Точка после «ять»
Шрифт:
– Мы суетимся и не знаем, что и как искать, – продолжил студент. – Нам нужно определиться с нужными действиями и их последовательностью. Я поясню: мы пядь за пядью осматриваем комнаты от окон до дверей и ничего не пропускаем. В бюро, – он вытащил ящик и приложил его к боковой панели, – проверяем ящики: их длина должна совпадать с глубиной шкафа. Если это не так, то ищем внутри тайное отделение. Панели на стенах надо простучать, половицы – тоже. Главное – выявить под ними возможную пустоту, ибо звук над тайником будет не короткий, тихий и сухой, а протяжный, гулкий и громкий.
Так мы и поступили, однако результатов спустя полчаса напряженной и кропотливой работы не достигли решительно никаких.
Я поднялся, пытаясь привинтить обратно ножку маленького кресла.
– Уважаемый мсье сыщик! Знаете, что я думаю обо всем этом? – спросил я Данилевского. – Едва ли мы сможем тут что-то найти, если по этому принципу дом явно уже неплохо обыскали!
– У тебя есть другие предложения? – отозвался тот, стряхивая сор с рукавов кителя.
– Ну, для начала стоит перестать заниматься заведомо бесполезной работой!
– Я думаю, Миша прав, – сказала Липа. – Тут все вычищено и вылизано, и даже ящики в бюро не только просмотрели, но и, как мне показалось, даже протерли от пыли. А некоторые из них явно поместили не в свои ячейки, – с этими словами она поменяла два ящичка местами, и те, щелкнув под пальцами девушки, встали в гнездах гораздо ровнее, нежели стояли до того.
– Мне кажется, пора уходить, – прервала наш спор Аглая. Она поднялась с места и вышла из отцовского кабинета.
Мы не стали с ней спорить и, молча спустившись вниз, прошли за ней в беседку.
– Простите меня, но я не могла там более находиться, – вздохнула Аглая, садясь на скамейку. – Боже, какие могут там быть тайники?! Я не хочу видеть этих векселей и не понимаю, что они нам дадут! Разве это поможет доказать то, что отца убили?
В саду скрипнула калитка. Это вернулась домой кухарка, ведя за собой носильщика, навьюченного корзинками и мешками с явно солидным запасом провианта.
– Вовремя смылись, – проговорил Данилевский, проводив взглядом эту маленькую процессию.
Однако в возвращении кухарки с рынка имелись и преимущества, поскольку совсем скоро для нас в саду был накрыт стол и выставлен горячий самовар.

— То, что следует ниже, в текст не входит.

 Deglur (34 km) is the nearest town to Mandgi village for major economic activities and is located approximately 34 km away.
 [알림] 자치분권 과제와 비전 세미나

После обеда и чая мы еще долго сидели и болтали, и смеялись над шутками Данилевского, и над веселыми последними новостями, услышанными от Липы, пока не заметили, что вечер уже принялся раскрашивать небо в золотисто-багряные тона.

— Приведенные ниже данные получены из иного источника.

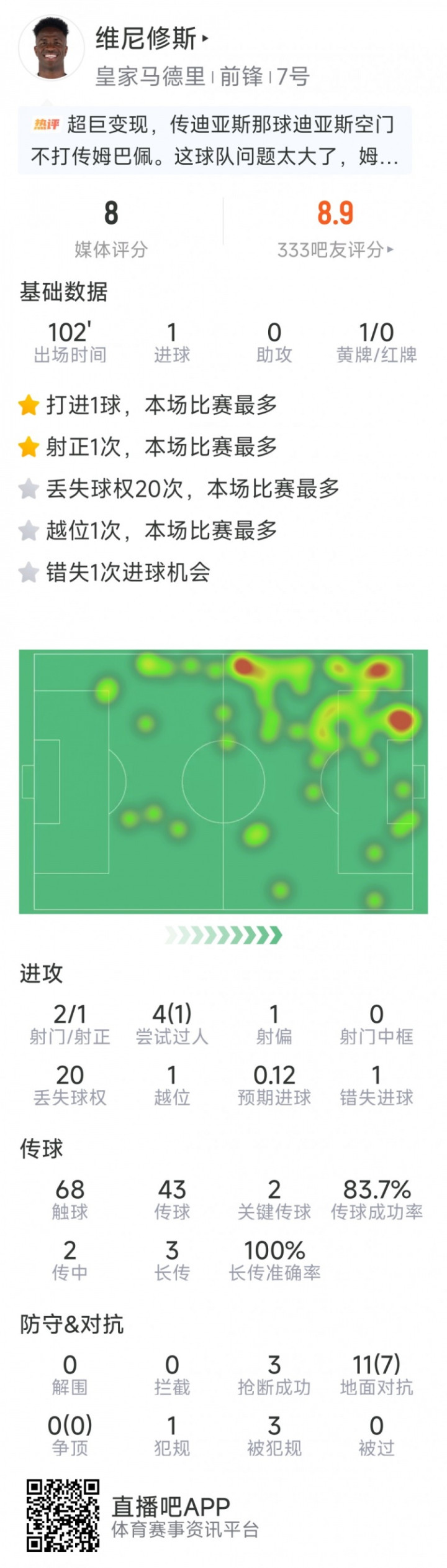 直播吧2月1日讯在本轮西甲,皇马2-1战胜巴列卡诺,维尼修斯破门,以下为他在本场数据:

Данилевский выпил еще чашку чаю, заев ее очередным большим калачом и с благодарностями распрощался.
– Ах, я, как и всегда, совершенно забыла о времени! Мне тоже давно пора, – Олимпиада повернулась ко мне, и ее глаза лукаво блеснули. – Михаил Иванович, вы не проводите меня?
– Почту за честь, – ответил я, втайне радуясь удобному поводу улизнуть из дома.
Аглая с насмешливым укором посмотрела на нас и исчезла в глубине сада…
Дом Липы, утопавший в зелени, находился совсем недалеко от усадьбы Савельевых. К нему от дороги, по которой мы шли, вилась тропинка, ведущая вверх по склону холма.
– Михаил Иванович, давайте прогуляемся! Весь день такая духота! Мне ужасно не хватает воздуха! – сказала Липа, накидывая на плечи свой палантин. Полупрозрачный, такого же густого гранатового оттенка, как и ее платье, он развевался в первых порывах предгрозового ветра, окутывая красными языками тканевого огня то бледную шею, то запястья девушки, видневшиеся между оборками рукавов и кружевной тканью перчаток.
Я остановился, всматриваясь в багровеющее небо, на которое с одного края стремительно наползала темная клубящаяся облачная пелена.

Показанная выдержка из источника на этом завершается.